Não, o Harrison Ford não vai voltar para fazer um remake dos Salteadores da Arca Perdida. Ficou triste? É um dos seus filmes favoritos? Compreendo. Mas também é importante inovar, seja no cinema mas também na ciência. E porquê? Antes de avançar faço o disclaimer de que os meus últimos trinta anos têm sido passados a fazer investigação, ainda que em paralelo com a clínica e a docência. E que dentro de todos os tipos, todos eles são fundamentais para o desenvolvimento do conhecimento. Contudo, não deixo de pensar naquilo que muitos dos leigos, e não só, sentem e pensam em relação ao hiato do investimento feito na investigação básica versus aplicada. E não, não quero de todo advogar a importância de uma como superior à da outra. E como em tantas outras áreas de investigação, o autismo é uma das áreas em que muitas pessoas se perguntam qual o impacto que a investigação realizada tem na comunidade. Até porque ao longo destes anos temos verificado que os programas de intervenção psicológica, mesmo aqueles que assentes num modelo comportamental e cognitivo carecem de algumas adequações para a intervenção adequada junto das pessoas autistas, sejam elas crianças, adolescentes ou adultos. E que mesmos os programas de intervenção tão frequentemente estudados para a intervenção na depressão e ansiedade, parecem não estar suficientemente adequados para intervir nestas mesmas situações quando se trata de pessoas autistas.
Não haja dúvida do papel proeminente que a ciência desempenha no avanço dos objetivos da nossa sociedade.

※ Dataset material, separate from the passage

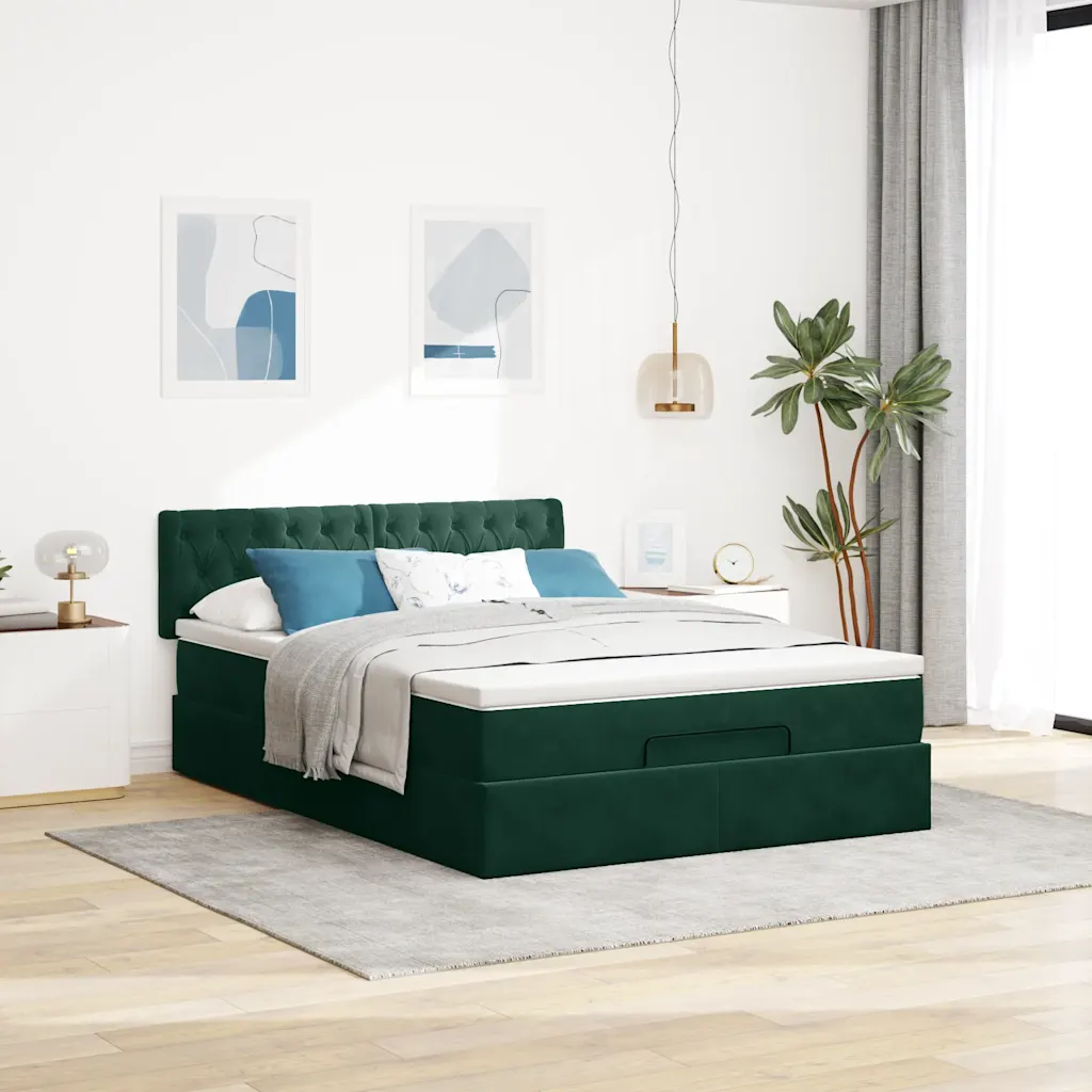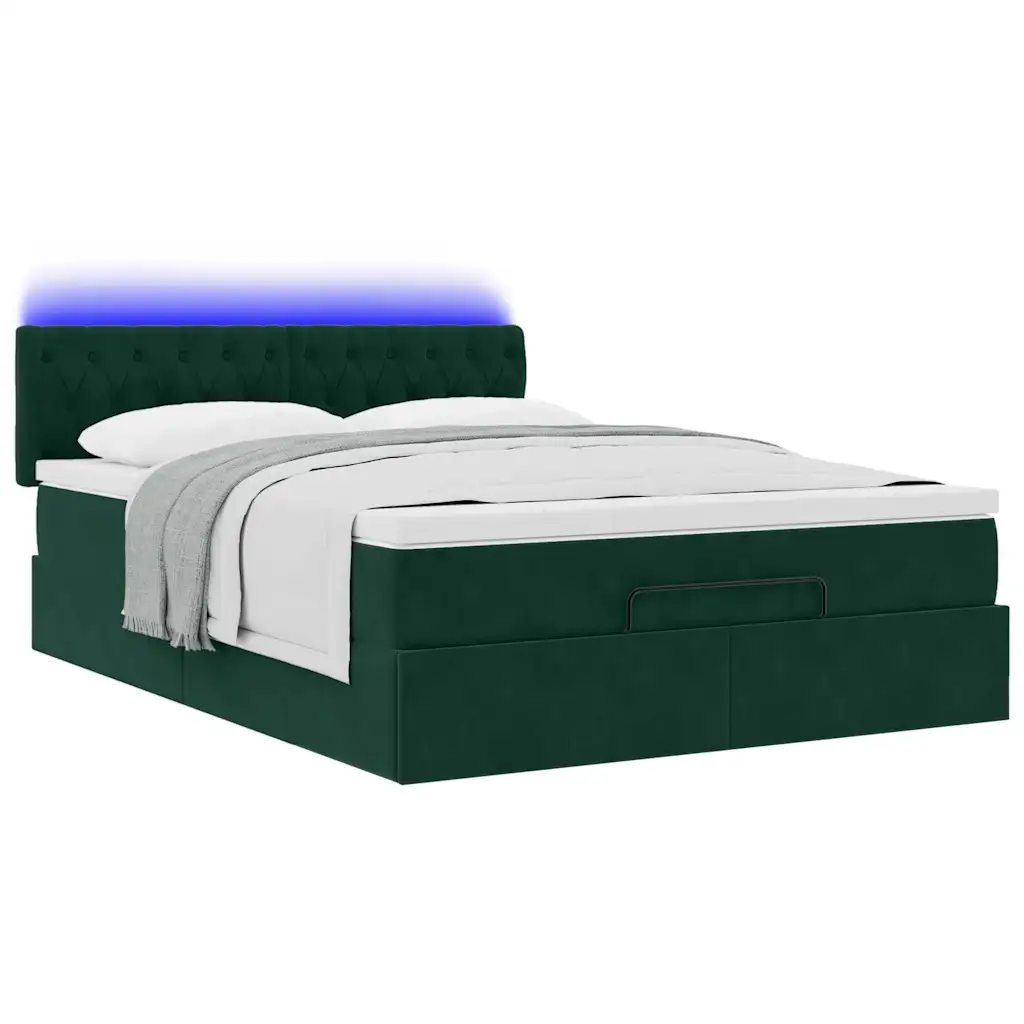 Kui otsite magamistuppa lahendust, mis ühendab endas mugava une, nutika voodialuse panipaiga ja kaasaegse LED‑valgustuse, pakub see tumeroheline sametist ottomani voodi tasakaalu funktsionaalsuse ja esteetika vahel. Komplektis olev taskuvedrudega madrats ja pealismadrats loovad toetava magamispinna, samal ajal kui peidetud panipaik aitab hoida ruumi korras ja organiseeritud.

Sendo que isso não significa que não a questionemos. Muito pelo contrário. Os estudos básicos de investigação baseiam-se em observações rigorosas para descrever e explorar a importância potencial de novos fenómenos e, em seguida, testar hipóteses específicas através de experimentação sistemática. Com o passar do tempo, os estudos de investigação aplicada começam a explorar como traduzir este novo entendimento em formas mais práticas que melhoram as nossas vidas de formas significativas e mensuráveis. Se estes esforços forem bem sucedidos, poderemos eventualmente documentar os impactos positivos na sociedade como um todo. No entanto, para todos os nossos investimentos em ciência, o processo científico em si raramente é objeto de estudo. O que poderíamos aprender se usássemos as ferramentas da ciência para entender como a investigação num campo específico cresce e muda ao longo do tempo?
Se desde 1980 que a palavra autismo entrou na DSM III e ao fim destes quarenta anos estamos na DSM 5. Que avanços têm sido realizados e qual o real impacto que os mesmos têm feito na vida da comunidade? Têm sido possível fazer mais e mais precocemente diagnósticos de autismo é certo. Mas e qual o impacto que isso tem produzido ao longo do desenvolvimento da vida das próprias pessoas e das suas famílias? Se essas pessoas estão a ser mais precocemente diagnosticadas e devidamente acompanhadas, que impacto deveria estar a ser observado? Deveríamos estar a observar maiores níveis de autonomia e independência? De maior número de pessoas autistas a entrar no mercado de trabalho? De haver uma maior e melhor qualidade de vida percebida? Ou ainda não é tempo para se poder avaliar esse impacto? Ou não estão a dar atenção a estes indicadores na comunidade autista?
E o que dizer das raparigas e mulheres na comunidade autista, no facto de ainda hoje se continuar a verificar um número tão pequeno de diagnósticos. Para além de continuarmos a verificar um impacto tão negativo nas situações de ideação e comportamento suicidário. Qual o impacto que o desenvolvimento cientifico nesta área tem tido para estas raparigas e mulheres?
E o que dizer do impacto sentido junto da sociedade no sentido de sensibilizar e informar para o autismo e as pessoas autistas. E dos números ainda significativos das situações de bullying junto de crianças e jovens autistas que estão na escola?
E se perguntarem a uma pessoa autista fiquem certos que eles irão informar acerca de muitas mais situações que gostariam de ver alteradas e que fosse devido ao desenvolvimento do conhecimento cientifico.